Background: Previous studies of fatty acids and breast cancer risk have shown mixed results, which may be due in part to tumor heterogeneity. Prior research has also illustrated an important role of specific fatty acids in immune regulation, T cell function, and inflammation, indicating that the effects of specific fatty acids on breast cancer risk may vary by tumor expression of immuno-inflammatory markers. We therefore aimed to evaluate the relationships between prediagnostic erythrocyte membrane fatty acids and breast cancer risk by tumor tissue expression of immuno-inflammatory markers (CD4, CD8, CD20, CD163, COX-2) and fatty acid synthase (FAS). Methods: We conducted a matched case-control study nested within the Nurses' Health Study II (n = 235 cases and 235 controls). Blood samples were collected from 1996 to 1999. Tumor tissue blocks were collected for cases diagnosed after blood collection and through 2006. Unconditional nominal polytomous logistic regression adjusted for matching factors and potential confounders was used to assess whether associations between fatty acids and breast cancer risk varied by tumor expression subtype, ascertained via immunohistochemistry.
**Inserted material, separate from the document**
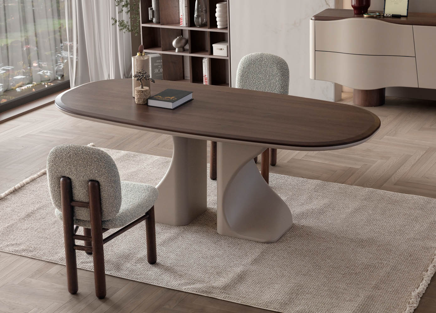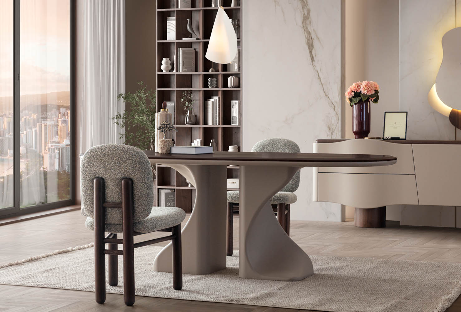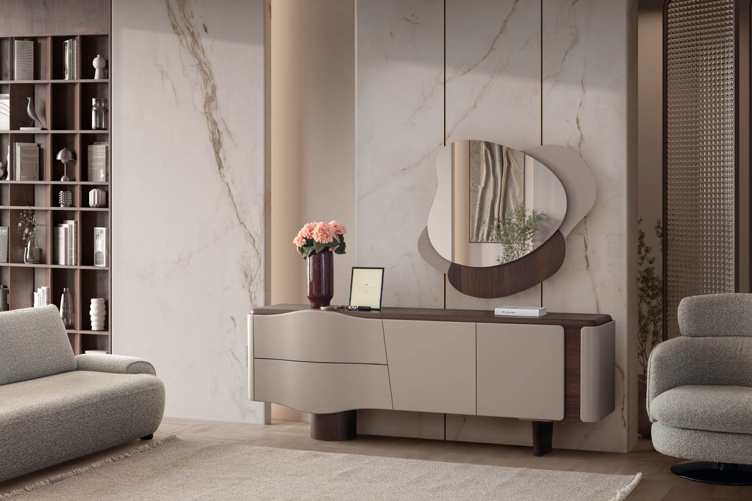Romeo Yemek Odası, romantik çizgileri modern detaylarla harmanlayarak zarif ve etkileyici bir yaşam alanı sunar. Yumuşak renk geçişleri ve özenli işçiliği, yemek saatlerine sıcak ve huzurlu bir atmosfer katar. Hem estetik hem de konfor arayanlar için ideal bir seçimdir.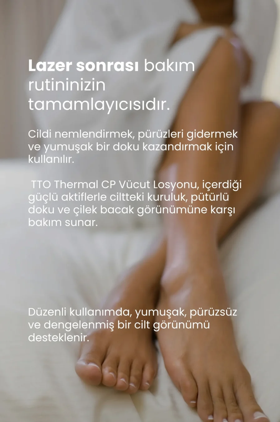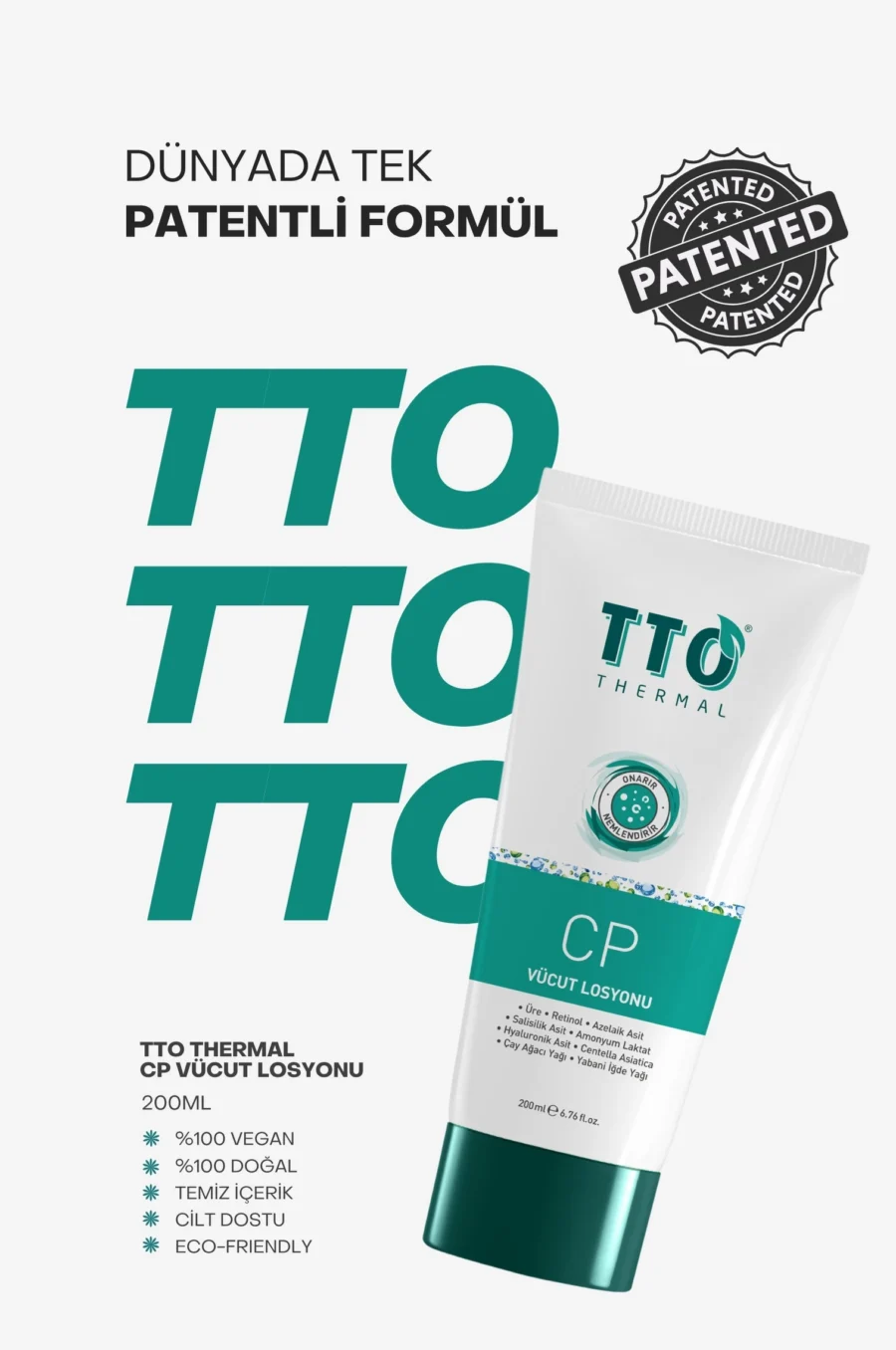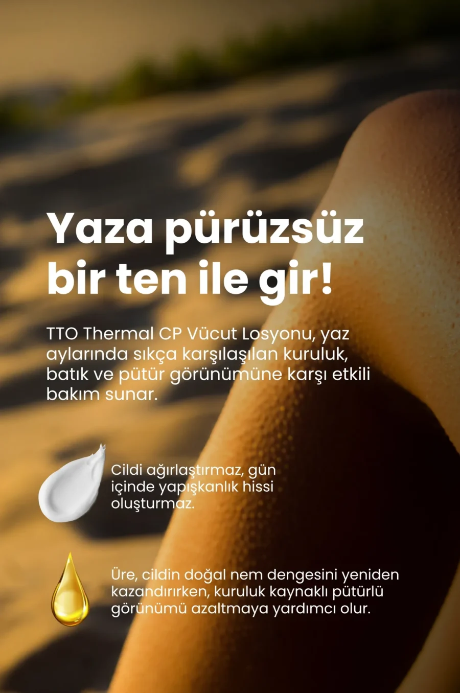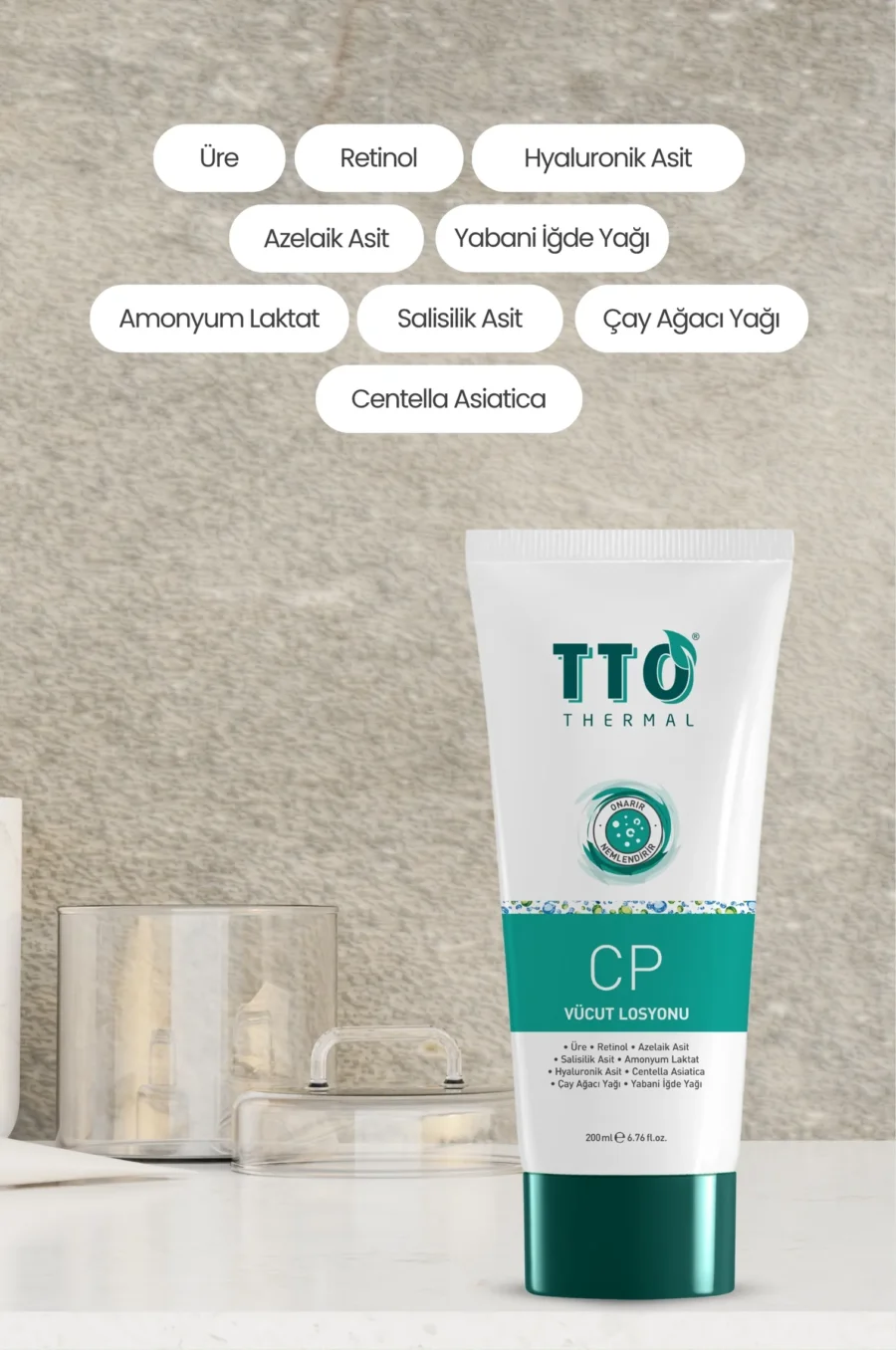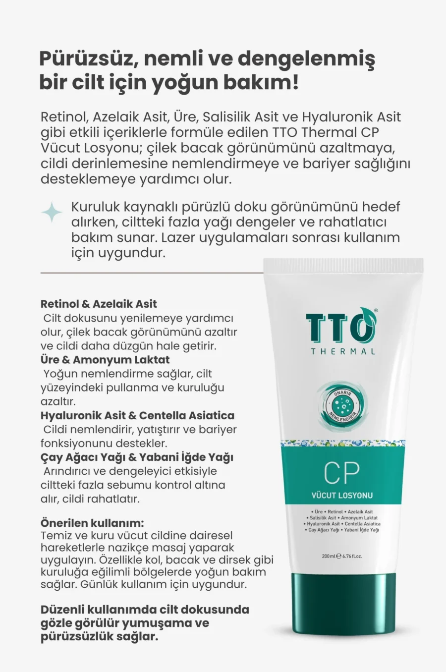 İçeriğinde bulunan Salisilik asit ve Azelaik asit’in güçlü kombinasyonu ile, cilt yüzeyindeki ölü hücreleri nazikçe arındırarak pürüzsüz bir görünüm kazanmasına yardımcı olur. Çay ağacı yağı, Yabani İğde Yağı, Centella Asitaica Ekstresi ve Hyaluronik Asit sayesinde cildinizin nem dengesini korumaya yardımcı olurken, cildinizin elastikiyetini artırarak daha sıkı bir görünüm kazanmasına destek olur. ; Kullanımı:Temiz ve Kuru cildinize yeterli miktarda TTO THERMAL NEMLENDİRİCİ VÜCUT LOSYONU CP alarak, tamamen emilene kadar nazikçe uygulayınız. ; İçindekiler:Aqua, Glycerin, Caprylic/Capric triglyceride, Cetearyl Alcohol, Ceteareth-25, Dimethicone, Polysorbate 80, Carbomer, Allantoin, Propylene Glycol, Melaleuca Alternifolia Leaf Oil, Hippophae Rhamnoides Oil, Sodium Hyaluronate, Centella Asiatica Extract, Tocopherol, Retinol, Urea, Disodium EDTA, Ammonium Lactate, Xanthan Gum, Phenoxyethanol, Ethylhexylglycerin, Salicylic Acid, Azelaic acid, Triethanolamine.

Odds ratios (OR) and 95% confidence intervals (CI) were estimated separately by tumor expression subtype using unconditional logistic regression. Results: Associations between fatty acids and breast cancer risk did not vary substantially by tumor CD4, CD20, CD163, or COX-2. However, n-3 polyunsaturated fatty acids (PUFAs) were inversely associated with CD8low but not CD8high cancers (CD8low ORT3 vs T1 = 0.45, 95% CI 0.23-0.87, P trend = 0.02; CD8high ORT3 vs T1 = 1.19, 95% CI 0.62-2.26, P trend = 0.62; P het = 0.04). n-6 PUFAs were suggestively inversely associated with CD8high but not CD8low cancers (CD8high ORT3 vs T1 = 0.61, 95% CI 0.32-1.14, P trend = 0.11; CD8low ORT3 vs T1 = 1.63, 95% CI 0.87-3.04, P trend = 0.12; P het = 0.02). Trans fatty acids were positively associated with FAShigh but not FASlow tumors (FAShigh ORT3 vs T1 = 2.94, 95% CI 1.46-5.91, P trend = 0.002; FASlow ORT3 vs T1 = 0.99, 95% CI 0.52-1.92, P trend = 0.97; P het = 0.01). Conclusion: Results indicate that the effects of n-3 PUFAs, n-6 PUFAs, and trans fatty acids on breast cancer risk may vary by tumor tissue expression subtypes. Findings suggest potential immuno-modulatory and FAS-mediated mechanisms.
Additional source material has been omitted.